Wspinaczka sportowa na czas. Mirosław i Kałucka awansowały do finałów

2024-08-05 15:27 aktualizacja: 2024-08-05, 15:36
Polka Aleksandra Mirosław i Aniya Holder z RPA podczas rywalizacji we wspinaczce na czas, fot. PAP/Adam Warżawa
Polka Aleksandra Mirosław i Aniya Holder z RPA podczas rywalizacji we wspinaczce na czas, fot. PAP/Adam Warżawa
Rekordzistka świata Aleksandra Mirosław (6,06) oraz Aleksandra Kałucka awansowały na igrzyskach w Paryżu do środowych finałów we wspinaczce sportowej na czas. Wystąpi w nich osiem zawodniczek. Mirosław miała najlepszy czas eliminacji (6,10), a Kałucka czwarty (6,55).

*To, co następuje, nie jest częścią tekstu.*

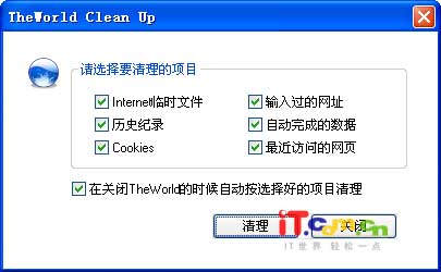 四、冲浪无痕悄无声息 在TheWorld 浏览器中,我们可以方便地管理网页访问历史记录。单击“工具→清理上网记录”菜单,就能轻松清除“Internet 临时文件”、“输入过的网址”、“历史记录”及“自动完成的数据”等项目,具体方法是选择相应项后点击“清理”按钮。如果你想在每次浏览完网页并关闭TheWorld 浏览器时自动清理相关项,只须先选择项目再勾选“在关闭TheWorld 的时候自动按选择好的项目清理”即可(如图4)。

W ćwierćinale Mirosław zmierzy się z Hiszpanką Leslie Romero Perez, która uzyskała najsłabszy czas w eliminacjach (7,26), a Kałucka będzie rywalizować z Chinką Yafei Zhou (6,55 w eliminacjach).

Mirosław znakomicie spisała się w prekwalifikacjach, gdy biła dwukrotnie rekord globu z Rzymu z 2023 r. (6,24) - w pierwszym biegu olimpijskim miała 6,21, a w drugim znakomity czas 6,06.

22-letnia Kałucka także zaprezentowała się w prekwalifikacjach bardzo dobrze, poprawiając dwa razy rekord życiowy - najpierw na 6,47, a następnie na 6,38.

We właściwych eliminacjach Mirosław jak przystało na liderkę pokonała (6,10) najsłabszą, 14. z preelimincji Aniyę Holder z RPA (9,36 , wygrała afrykańskie kwalifikacje IO)), a Kałucka, liderka PŚ z 2022, była lepsza (6,65) od Nowozelandki Sarah Tetzlaff (8,41, wygrała wcześniej kwalifikacje IO z Oceanii).

Mirosław była czwarta w Tokio, gdy medale przyznawano w kombinacji (czyli boulderingu, prowadzeniu i na czas łącznie). W Paryżu jest faworytką konkurencji.

Kwalifikację wywalczyła we wrześniu 2023 w Rzymie (w finale pokonała Aleksandrę Kałucką), ustanawiając rekord globu, poprawiony teraz dwa razy w Paryżu.

22-letnia Kałucka awans na IO zapewniła sobie w czerwcu Budapeszcie wygrywając drugie zawody kwalifikacyjne, co pozowoliło jej zająć miejsce w czołowej piątce. Jest triumfatorką PŚ z 2022 r., a obecnie zajmuje trzecie miejsce w rankingu IFSC.

Awans do najlepszej ósemki wywalczyły oprócz Polek: Amerykanka Emma Hunt (6,38), Chinki Lijuan Denh (6,48) i Zhou Yafei (6,55), Hiszpanka Leslie Perez Romero (7, 26) oraz Indonezyjki: mistrzyni świata Desak Made Rita Dewi (6,28) i Rajiah Sallsabillach, która odpadła od ścianki w eliminacjach w biegu z Hiszpanką Perez, ale dostała się do finału z czasem z prekwalifikacji (6,58).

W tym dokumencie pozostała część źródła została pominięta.